> Data section:
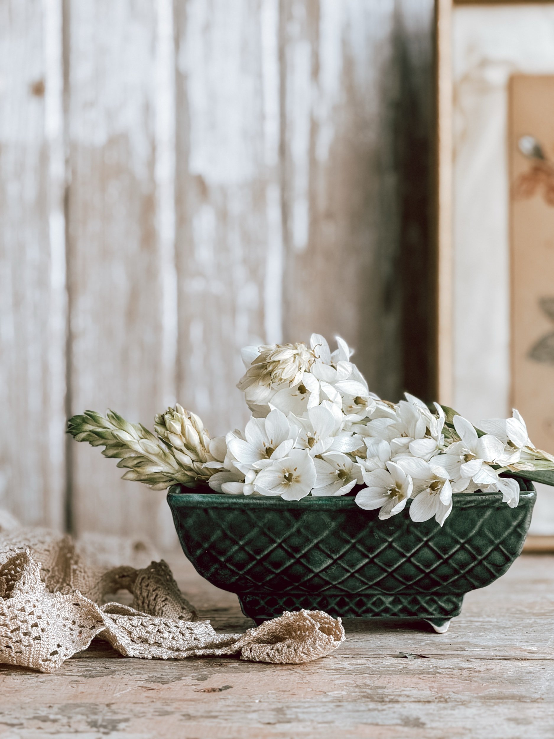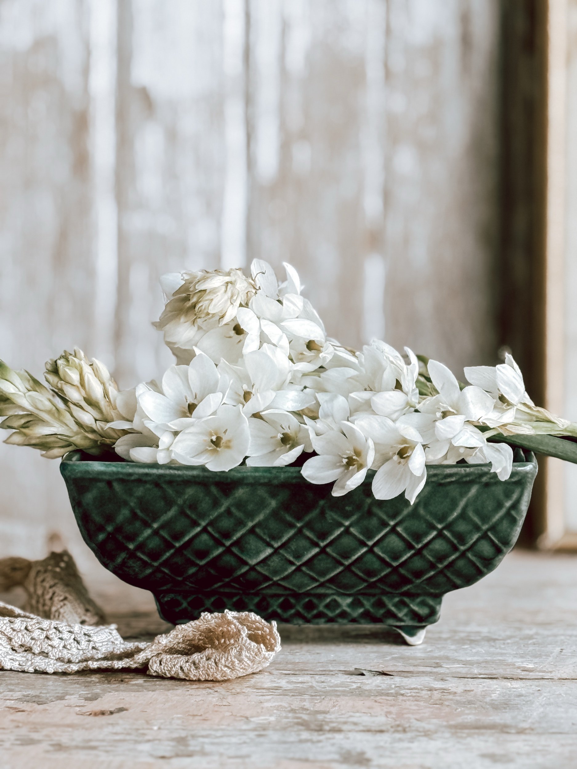 A beautifully aged pottery planter in a deep emerald glaze, featuring a classic diamond pattern that adds texture and quiet structure.
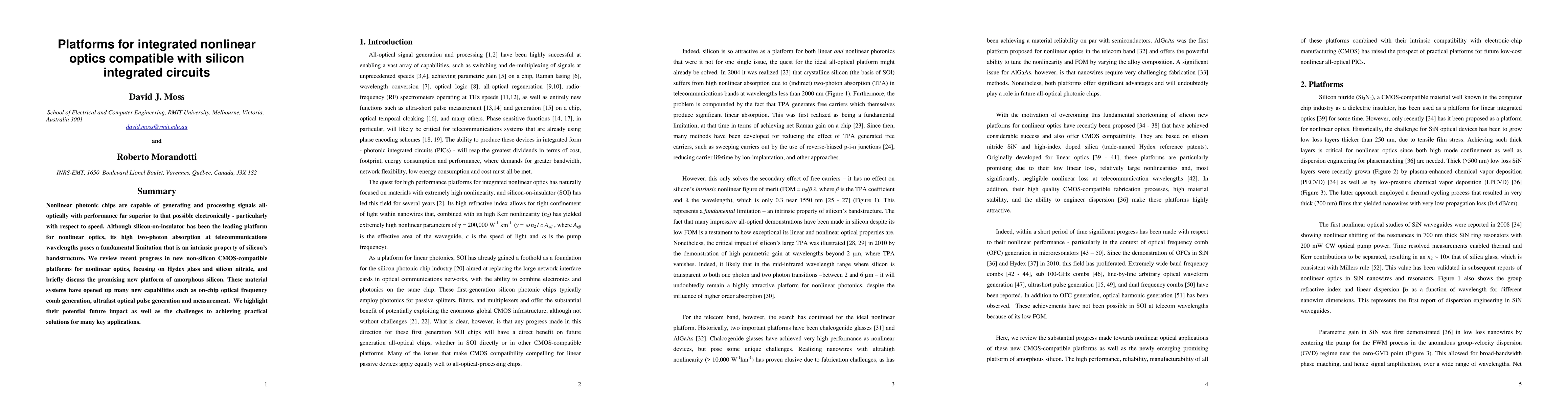 This paper reviews advancements in CMOS-compatible platforms for nonlinear optics, emphasizing Hydex glass, silicon nitride, and amorphous silicon as alternatives to silicon. These materials enable new capabilities like on-chip optical frequency comb generation, but face challenges for practical application in key technologies.
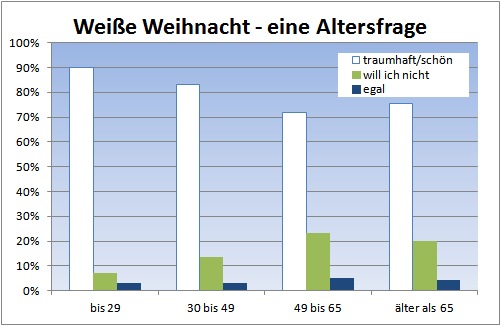 Während also ältere Schleswig-Holsteiner der weißen Pracht an den Feiertagen nur wenig abgewinnen können, sind junge Bayerinnen die größten Fans einer weißen Weihnacht.
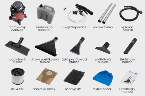 Tělo vysavače je vyrobeno pevného plastu, odolného proti nárazům a rzi. Masivní madlo a čtyři pojezdová kola zajistí snadnou manipulaci a stabilitu. Velký objem nádoby na odpad a odnímatelné nádoby na saponát zajistí úklid po dlouhou dobu. Dvě kovové trubky, vysávací hadice a dlouhá přívodní napájecí šňůra zajistí dostatečně velký akční rádius pro úklid vaší domácnosti.
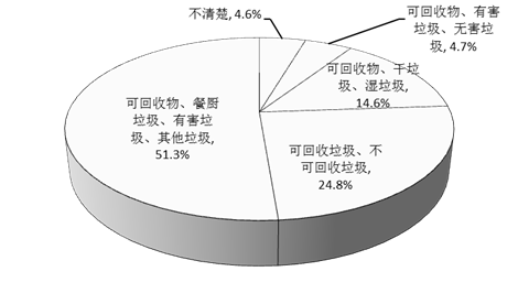 按照當前的分類要求,生活垃圾主要有“四分類”(可回收物、餐廚垃圾、有害垃圾、其他垃圾),調查為了解受訪居民對現行分類要求的知曉情況,在設置問題選項時混入了“可回收垃圾、不可回收垃圾”“可回收物、干垃圾、濕垃圾”等干擾項。
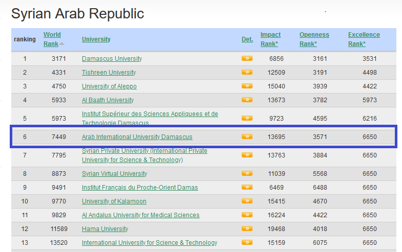 According to the results of webometrics for the month of July 2021, the Arab International University maintained its first rank among private universities in Syria and sixth rank among the Syrian public and private universities.
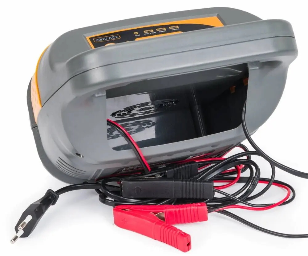 Пристрій має зручне зберігання кабелів живлення та кабелі з "+" і "-" затискачами.
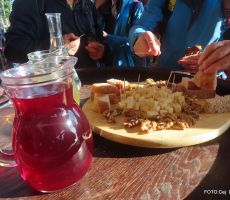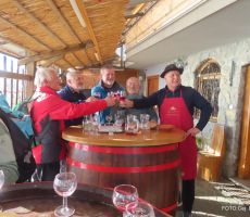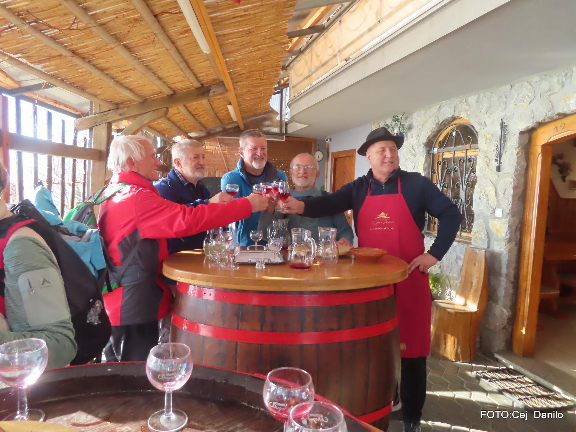 Po počitku smo pot nadaljevali po vinorodnem vrhu, ki je posejan z vinogradi, zidanicami in domačijami. Med potjo smo se ustavili v zidanici Bregač, kjer nas je lastnik veselo pričakal in spregovoril nekaj besed o zidanici. Postregel je s prigrizki in domačo kapljico.
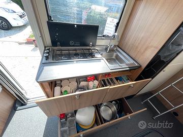 Mansardato di ultima generazione, grande letto matrimoniale posteriore, letto matrioniale in mansarda, stufa canalizzata Truma, boiler acqua calda, bagno con vano doccia semi separato, porta scorrevole, wc a cassetta estraibile, frigo grande trivalente automatico, piano cottura 3 fuochi con copertura in cristallo, ampio vano garage posteriore trasversale (con apertura da entrambi i lati ), tendalino 4 mt, luce esterna, zanzariera sulla porta d'ingresso, gradino d'ingresso, cruise control, autoradio, idroguida, specchietti elettrici + alzacristalli elettrici, sempre tagliandato e revisionato, tutto documentabile.

> Goal of the exercise: Please print the lines above word for word, starting at the one with "According to the" and ending at the one with "Пристрій має зручне", both included, and without any picture.

> Solution:
 According to the results of webometrics for the month of July 2021, the Arab International University maintained its first rank among private universities in Syria and sixth rank among the Syrian public and private universities.
 Пристрій має зручне зберігання кабелів живлення та кабелі з "+" і "-" затискачами.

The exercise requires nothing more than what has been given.